Invalid file format - Encoding issue

Hey, I have created a jsonl dataset to fine tune a gpt-3.5-turbo-0613 model, but when I try to upload it, the upload fails.

{
    "success": true,
    "status": 200,
    "data": {
        "id": "file-CkosqemZyAqUVI7zrCHxD8XW",
        "filename": "training-dataset.jsonl",
        "size": 43189,
        "status": "error",
        "statusDetails": "Invalid file format. Example 1'utf-8' codec can't decode byte 0xe9 in position 11278: invalid continuation byte",
        "createdAt": "2023-09-30T16:30:04.000Z"
    }
}

I believe the issue is related with my encoding, but its a bit weird because I can view the dataset without any issue anywhere else. Potentially, the upload fails because I am using some latin characters, but I don’t want to remove them because I need them in the dataset.

Any suggestion how to bypass this issue?

Sure, don’t put control code bytes like 0xe9 in your training file that don’t map to characters? You can load into a code-friendly editor like notepad++ and find what is at the mentioned byte position.
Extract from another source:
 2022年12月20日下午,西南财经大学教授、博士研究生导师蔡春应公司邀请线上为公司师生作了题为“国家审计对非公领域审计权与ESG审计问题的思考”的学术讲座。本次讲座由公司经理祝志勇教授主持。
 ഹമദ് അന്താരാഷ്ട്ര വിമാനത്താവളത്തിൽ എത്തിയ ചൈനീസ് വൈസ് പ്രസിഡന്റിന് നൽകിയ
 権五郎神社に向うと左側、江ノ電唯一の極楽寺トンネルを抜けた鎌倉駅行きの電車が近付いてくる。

okay, so the issue is related with character é (0xe9), but I don’t want to remove it from the training file. Words within the dataset with such characters play an important role for me.
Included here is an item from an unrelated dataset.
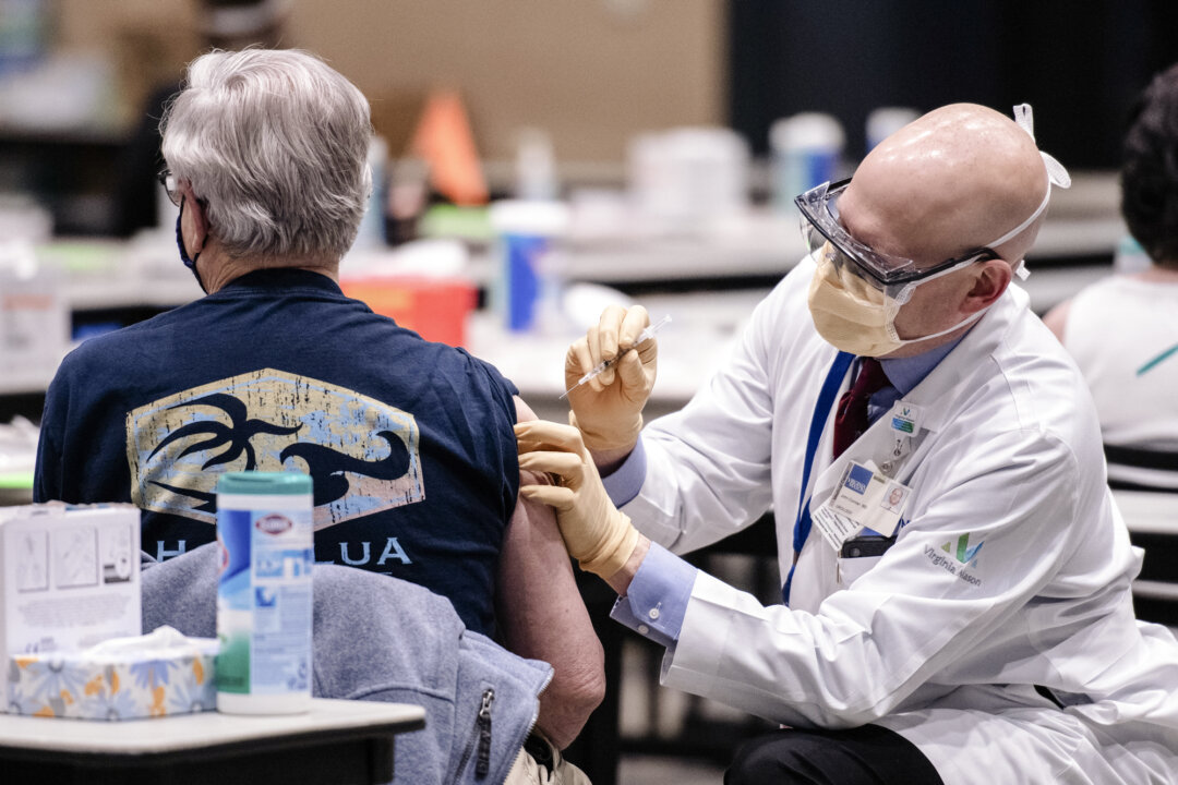 A man receives a dose of a COVID-19 vaccine in Seattle on Jan. 24, 2021. Grant Hindsley/AFP via Getty Images

Since utf-8 is the default encoding system for most files, I was expecting the openai endpoint to support it without any issue. Is there a plan to fix this issue? If not, are there any alternative encoding systems that I can try out?

a bit unusual.

You can use escape sequence for it

You can represent the glyph differently


unicode forum test of python output:

> >>> print("\u0065\u0301")
> é
> >>> print("\U00E9")
> é
> >>>

The first is “e” + “accent”.
They are a bit different, the last is indicated on by my spellcheck.